Our posting of the letter produced a lot of interesting reactions. Someone accused us of not knowing that Hubbard was “joking” and that we were fools to think he was actually saying that Dianetics would give someone the power to “rape women without their knowing it.”
That one caught us by surprise. We thought it was quite obvious that Hubbard was almost always putting everyone on, and the real challenge was to find those extremely rare occasions when he was actually telling the truth.
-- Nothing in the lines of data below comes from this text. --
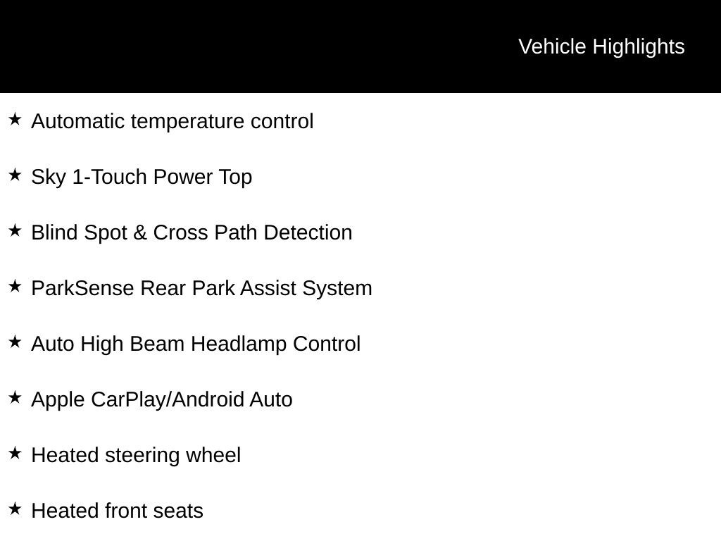 INCLUDES LIFETIME POWERTRAIN WARRANTY, REMAINDER OF FACTORY WARRANTY, CLEAN VEHICLE HISTORY...NO ACCIDENTS!, ONE OWNER, 4WD, AM/FM radio: SiriusXM, Apple CarPlay/Android Auto, Auto High Beam Headlamp Control, Automatic temperature control, Blind Spot & Cross Path Detection, Heated front seats, Heated steering wheel, ParkSense Rear Park Assist System, Radio: Uconnect 5 w/12.3" Display, Rear Window Defroster, Rear Window Wiper/Washer, Removable Rear Quarter Windows, Safety Group, Sky 1-Touch Power Top, Wheels: 20" x 8" Painted Black Aluminum.
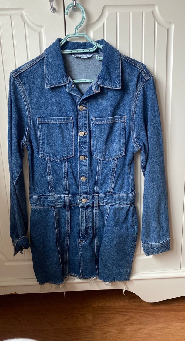 Düğmeli ve oturan kesime sahip kadın denim elbise, yakalı ve uzun kolludur. Parlak mavi renkte, günlük rahat stil için uygundur.
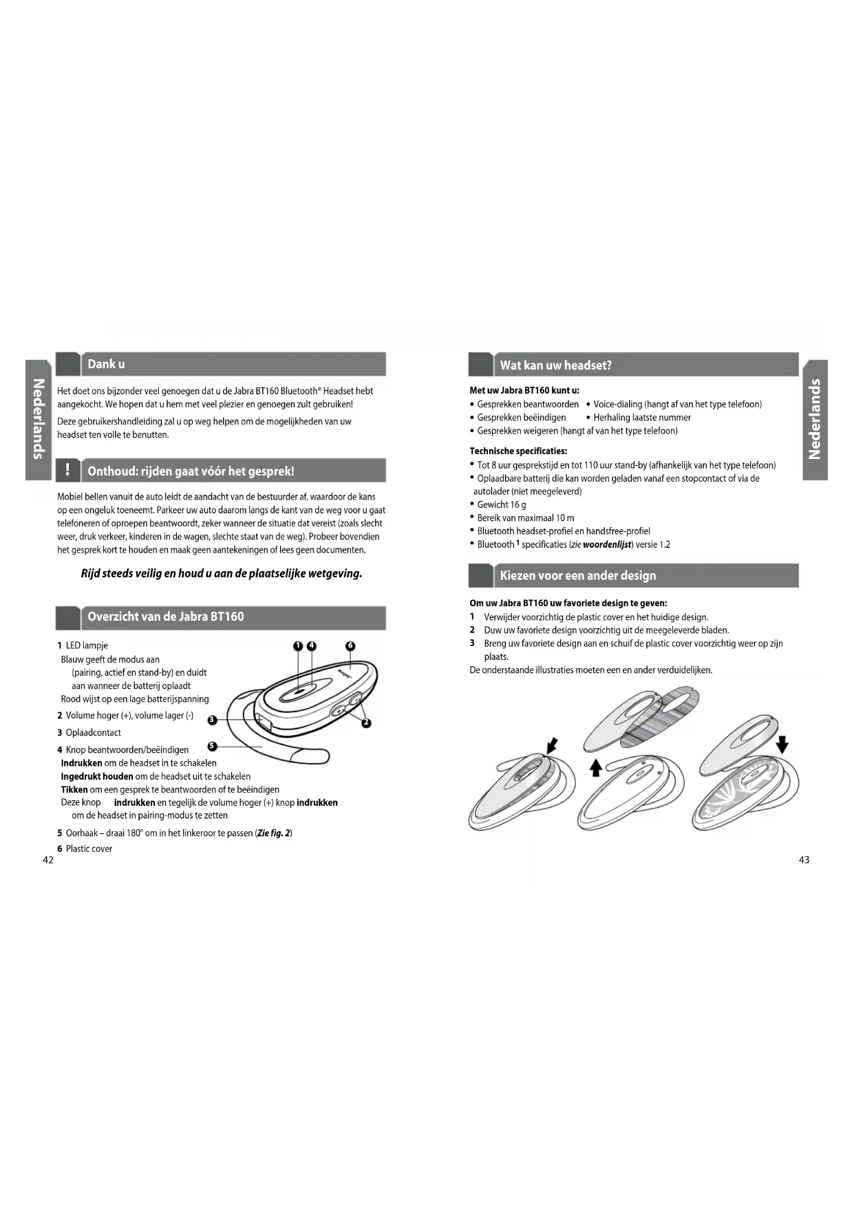 (pairing, actief en stand-by) en duidt aan wanneer de batterij oplaadt Rood wijst op een lage batterijspanning2 Volume hoger (+), volume lager (-)3 Oplaadcontact4 Knop beantwoorden/beëindigen Indrukken om de headset in te schakelen Ingedrukt houden om de headset uit te schakelen Tikken om een gesprek te beantwoorden of te beëindigen Deze knop indrukken en tegelijk de volume hoger (+) knop indrukken om de headset in pairing-modus te zetten5 Oorhaak – draai 180° om in het linkeroor te passen (Zie fig. 2)6 Plastic coverMet uw Jabra BT160 kunt u: • Gesprekken beantwoorden • Voice-dialing (hangt af van het type telefoon) • Gesprekken beëindigen • Herhaling laatste nummer • Gesprekken weigeren (hangt af van het type telefoon)Technische specificaties: • Tot 8 uur gesprekstijd en tot 110 uur stand-by (afhankelijk van het type telefoon) • Oplaadbare batterij die kan worden geladen vanaf een stopcontact of via de autolader (niet meegeleverd) • Gewicht 16 g • Bereik van maximaal 10 m • Bluetooth headset-profiel en handsfree-profiel • Bluetooth 1 specificaties (zie woordenlijst) versie 1.2 Wat kan uw headset?

The other reaction that caught our attention were the readers who questioned the letter’s authenticity. We had anticipated this, and had talked to Gerry Armstrong before we posted the text of the letter. It was Armstrong who had discovered the letter when he saved a huge cache of Hubbard documents from being destroyed in 1980. He had later been sued because he’d kept copies of some of those documents, but he was thoroughly vindicated in court. (At least he was vindicated in that case. We’ve written extensively about his other legal nightmares.) To this day, he and his wife Caroline Letkeman maintain extensive web archives of Hubbard’s documents, which is where we had found the text of the 1949 letter. Gerry told us he doesn’t have an image of the original document, but, he told us, “To my knowledge, the Scientologists have never challenged the letter’s authenticity. I had it when I was doing the biography project, and I have always believed that it is real.”
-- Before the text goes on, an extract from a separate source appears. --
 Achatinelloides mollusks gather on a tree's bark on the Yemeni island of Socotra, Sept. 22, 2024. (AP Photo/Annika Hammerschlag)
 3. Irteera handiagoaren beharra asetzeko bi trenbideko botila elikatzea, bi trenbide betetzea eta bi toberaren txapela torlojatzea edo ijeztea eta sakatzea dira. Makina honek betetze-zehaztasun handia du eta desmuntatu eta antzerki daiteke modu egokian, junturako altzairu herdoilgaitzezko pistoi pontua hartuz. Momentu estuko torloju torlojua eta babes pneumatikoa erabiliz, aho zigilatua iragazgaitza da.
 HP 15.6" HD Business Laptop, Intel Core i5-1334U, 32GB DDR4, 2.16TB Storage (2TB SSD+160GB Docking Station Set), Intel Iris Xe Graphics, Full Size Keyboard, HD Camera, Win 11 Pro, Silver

That wasn’t good enough for some folks who saw our post and didn’t like what the letter said. One of our sources, however, pointed out that what might answer those doubts was that Hubbard had said similar things in letters to his good friend, legendary science fiction writer Robert Heinlein. We were told that there were actually some very interesting things about Hubbard in Heinlein’s collection of letters, some of which had not been made public before.
Oh really?
Well, that set us off on a hunt. And we did find some very interesting items. But here’s the deal. Heinlein’s letters are held by a trust that allows anyone to download copies of them for a small fee. But they are very particular about the use of that material. So what we’re going to do is carefully describe what’s in those letters and supply some short quotes in the name of “fair use.” As for images of the letters for you doubters, we’ll let you pay a few bucks and download the letters for yourself. We promise that you will find exactly what we’re about to reveal.
OK, so here we go.
Robert Heinlein to John Arwine, May 10, 1946
By the end of World War II, Heinlein (1907-1988) and Hubbard (1911-1986) had been friends for years. Heinlein’s career in fiction was still growing and his best books were ahead of him. But that didn’t seem to be the case with Hubbard, who had spent much of the war chasing after naval postings that tended to end in disaster. Now, after the war, Hubbard seemed to be struggling with finding direction, at least from Heinlein’s perspective.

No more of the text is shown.